WRITING HISTORICAL FICTION: CHAOS, CREATIVITY, AND THE BROKEN MIRROR OF MY MIND
There was once a TV reality show, Junkyard Wars, where two teams of contestants were placed in a junkyard and then challenged to build a machine that would perform a particular task. That pretty much describes my creative process. My task as a historical novelist is to take the odd bits and pieces from my life—experiences that sometimes I'd rather forget, facts that did not slip through my mental sieve, and the backlog of tears and laughter—and put it together into an entertaining story that takes the reader into another place and time.
What follows in the first draft is a rapid and wild process. I'm always reading history and have a good idea of the great expanse of my ignorance, so I usually don't commit unforced historical errors. Otherwise, everything is up for grabs. I may change the main characters' names halfway through; the plot veers this way and that, with no regard for continuity. Punctuation is spotty. I ignore spelling corrections because I don't want to stop the momentum. The result is a mess that I hope no one ever sees. However, a few of the characters have begun to talk back to me, complaining about the plot, making suggestions about what they actually should be doing and saying, demanding to fall in love with that character, not the one I had chosen for them.
In other words, if I didn't love to edit, I wouldn't write. Part of my editing process is vetting every scene to fit into its time and place. The research takes at least a year, thousands of google searches, and skimming hundreds of books to find the information I need. What they wore, what were the catchphrases of the day, the smell in the air, how the ground felt underneath their feet, how they articulated their feelings?

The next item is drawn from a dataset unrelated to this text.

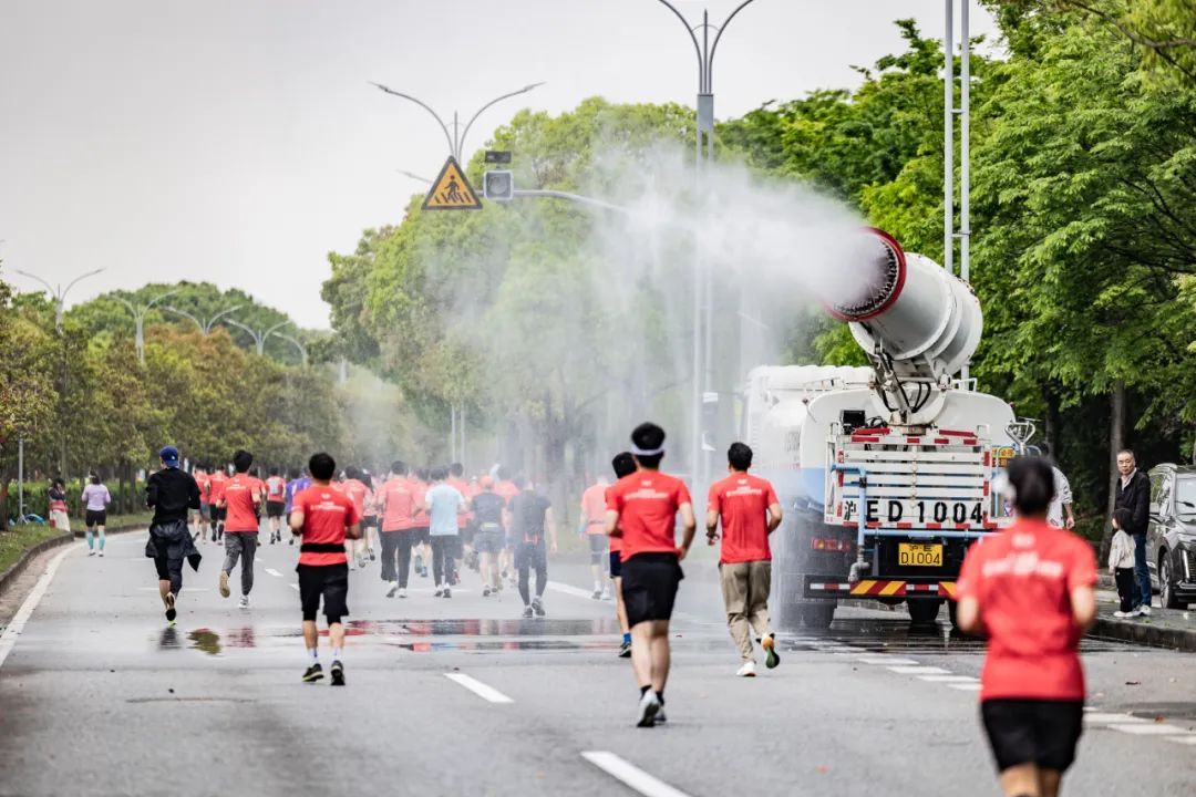现场设置3辆雾炮车,帮助选手物理降温,起终点及沿途安排7辆救护车、9个医疗急救点、35台AED,赛道救援人员、医疗志愿者、赛事服务志愿者等组成了专业的赛事保障服务团队,助力选手取得佳绩。

I look for details of their everyday life that are unusual to the modern reader. I am often surprised. They said "I ain't" but not "he, she, they, et cetera ain't" in the eighteenth century. The way to pluck a goose was to put a bag over its head. Sir William Johnson, known as the Mohawk Baronet, had a household that resembled the cast of The Lord of the Rings with dwarves, a giant, and a blind woman who played the Celtic harp at dinner. I am never satisfied because I only succeed in part. Others do better. However, I am not so humble as to not feel smug when I spot an error in another historical author's work.

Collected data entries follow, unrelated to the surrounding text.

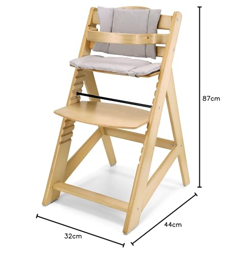 Moby-System Woody Wysokie Krzesełko Dziecięce, z Regulacją Wysokości, Drewniane Krzesełko do Karmienia, Siedzenie z Poduszką, 3-punktowy Pas Bezpiecze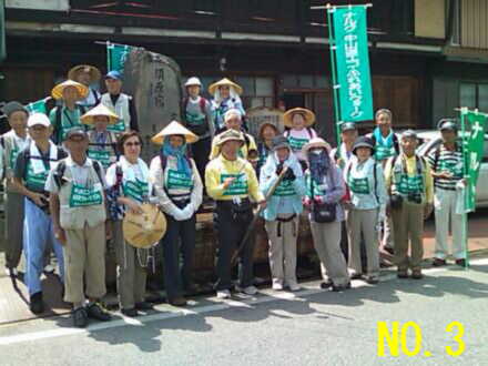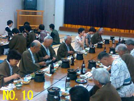 | 今日は連日の坂道の登り下りや長距離歩きではなく、 いつもの半分くらいの距離なので、出発も一時間以上遅く 身体を休める良い一日でした。 元気元気と言っても平均年令68才の集団、最後まで気が抜けません。 No.1 遅い出発で余裕のウォークですが、今日も暑い… No.2 街道沿いの水舟、檜の丸太をくり抜いた水舟に裏山からの湧水が昔も今も注がれている。 No.3 須原宿水舟の前で集合写真、奈良井宿から編みがさ姿が目立つ様になりました。 No.4 水の恵みをいっぱい受ける須原の宿場を歩く No.5 定勝寺で見つけた小さな可愛い石仏 No.6 須原宿の名刹、定勝寺の山門を出る高畑会長ご夫妻 No.7 須原宿のはずれ、道端の案内板と湧水の心使いが嬉しい No.8 道の駅大桑で昼食後、茨木拠点から6名参加し紹介される No.9 JR野尻駅でトイレ休憩後、今夜の宿あてら荘へ向かう No.10 久しぶりに広々とした会場で、途中参加の人を加え和やかな夕食 |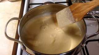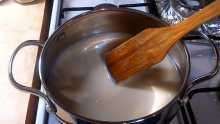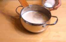 Ставим кастрюлю на плиту, включаем сильный огонь и ждём, когда появится первая пенка, при этом не забываем постоянно перемешивать молоко.

I have a few self-imposed guidelines. In my dialog, I can push back any word or phrase that first appears in the written sources a couple of decades, assuming that the spoken language precedes the written. I will also bend time just a little bit for the story's sake. If a historical character appears at a battle on this date, I may have him arrive a few days earlier. I'm a great fan of "What might have been so" as long as it doesn't overly conflict with "What was so."

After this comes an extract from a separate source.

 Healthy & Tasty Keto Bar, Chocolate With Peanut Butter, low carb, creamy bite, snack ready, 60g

By the time I finish my novel, I have developed a rapport with the characters as one does with friends. As I edit and refine, different aspects of them, good and bad, surprising and disappointing, come to light. As for my grasp of their times, I flatter myself that at the end of my creative process, I could sit down at a meal with smugglers at a tavern in Southern New Jersey or with a squatter family in their cabin beyond the Proclamation Line and fool them for almost an hour I am not a very strange person, which we historical authors maybe truly are.